On the subject of national defense, she had a very simple and clear message: Have one, and make it strong. But she never chimed in gleefully on the wars of the Clinton, Bush and Obama years that have destabilized the Middle East and left the U.S. more vulnerable than ever, at the cost of many American lives and trillions of dollars. For Phyllis, being pro-military did not mean being pro-war.

I was not a confidant, nor did I ever want to waste her time with small talk, but one time I asked her why she had not taken on the homosexual activists. “Because they are so vicious,” she said simply. She would not back down from issues that affected the family, but she would not fight them head-on as a group.

Phyllis was a brilliant woman. Ann Coulter called her something I’ve never heard anyone else call her: an intellectual. With all her degrees, she would certainly qualify. But we are so used to intellectuals tearing things down, not loving what is good — and Phyllis’ love was great. Her scholarship showed breadth and depth, and she understood the political implications and urgency of so many choices along the way.

She was both an intellectual and an activist. Rarely has one person the energy to do both successfully. It is a good thing so many intellectuals of the left are notoriously weighed down by interests of the flesh; I would not like them to rise to the work of the day, fully awake like the lady on the Alton bluffs.

When I worked for her, we were forever assembling booklets on the issues to hand out to senators, bishops and other influential people. I read the arguments, desperately trying to find spelling mistakes to justify my clerical existence, and wondered if sometimes she didn’t go a little too far in her judgments against the Equal Rights Amendment — surely no one wanted same-sex “marriages” or men in the women’s restroom.

But Phyllis not only unraveled the constitutional implications of the Equal Rights Amendment — she grasped the vision of its supporters. I found it fascinating that she could have this awkward way of smiling and saying something Betty Crocker-like, while totally discerning the spirit with which she was battling.

Phyllis understood something fundamental about liberal movements: People would become involved after agitations and prompting, to set straight one thing or another, but, very often, these people had no idea that there was a larger vision, a larger plan of destruction in play.
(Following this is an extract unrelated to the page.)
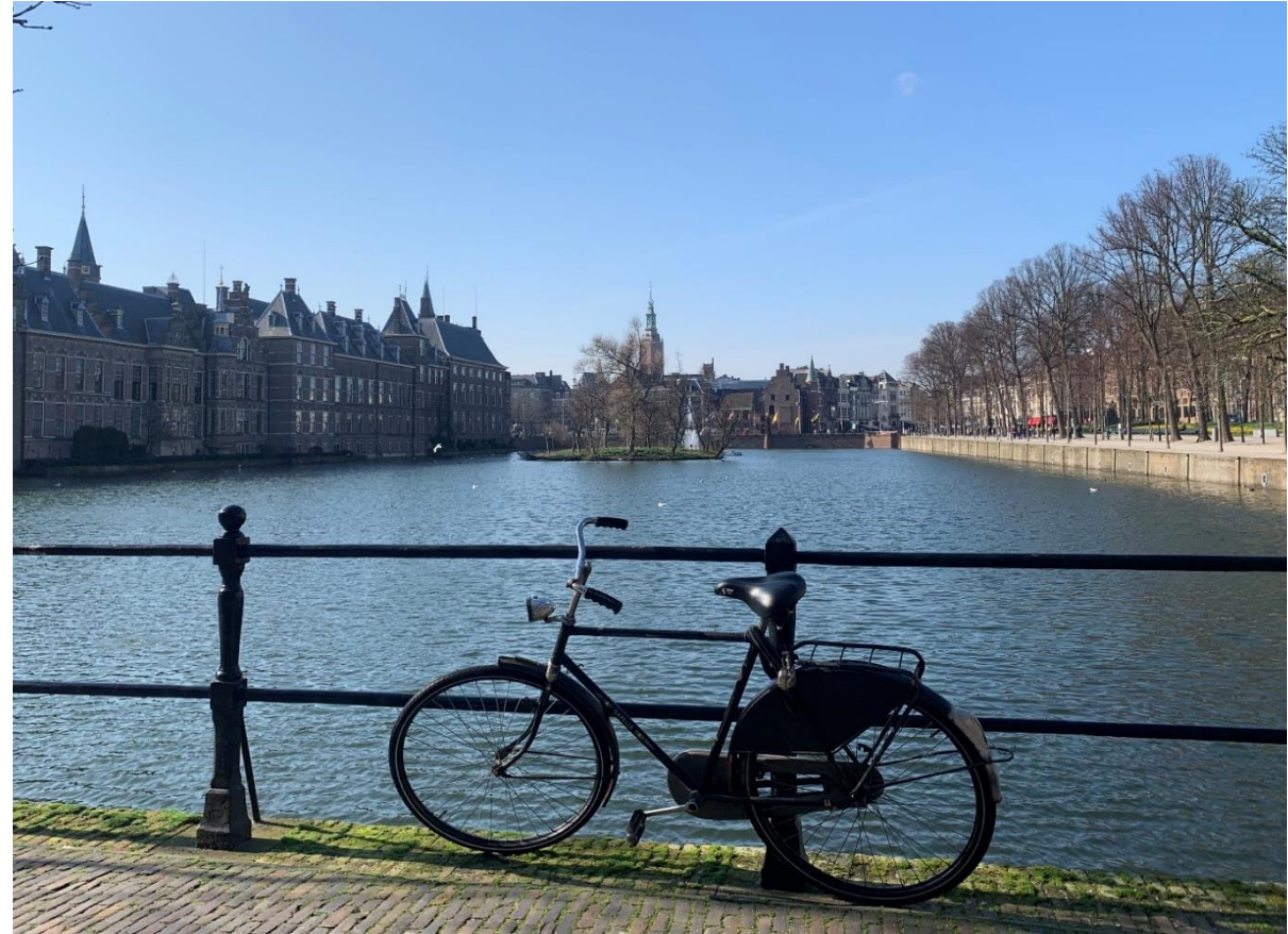
(上圖：荷蘭最常見的腳踏車樣子，沒有車籃、沒有手煞車、坐墊高度偏高，不一定會有後座。)

*若有購買或承租腳踏車，需注意是否有車燈。因為荷蘭法規似乎有規定，無車燈者會被罰款。學校裡租腳踏車的店有附車燈和車鎖。

Many people forget this and let down their guard, reducing authentic feminism to its simple demands (such as equal pay for women). Yet in the wake of this professional feminism has come abortion, depression, poverty for women, loneliness, decomposition of self and a pathological search for sexual identity. She could anticipate the fruits of feminist self-hatred.

Phyllis grasped the vision of the opposition. I think this was her greatest triumph, mostly because I see it so rarely. And yet it came of something clean and clear and uncomplicated in her own intellect and heart. I’ve seen that in a few very smart, very good people.

In her alert, tidy, Midwestern way, she was on to the devil’s game and never, never let loose what she could hold together through her powerful intellect and valiant heart.

Phyllis died on Sept. 5, the first feast day of Mother Teresa — a cosmic symmetry that will forever link the two 20th-century champions of the family.

My, how she has deserved her rest. May God grant her his mercy and the fullness of his peace.

 

Priscilla McCaffrey writes from Ridgefield, Connecticut.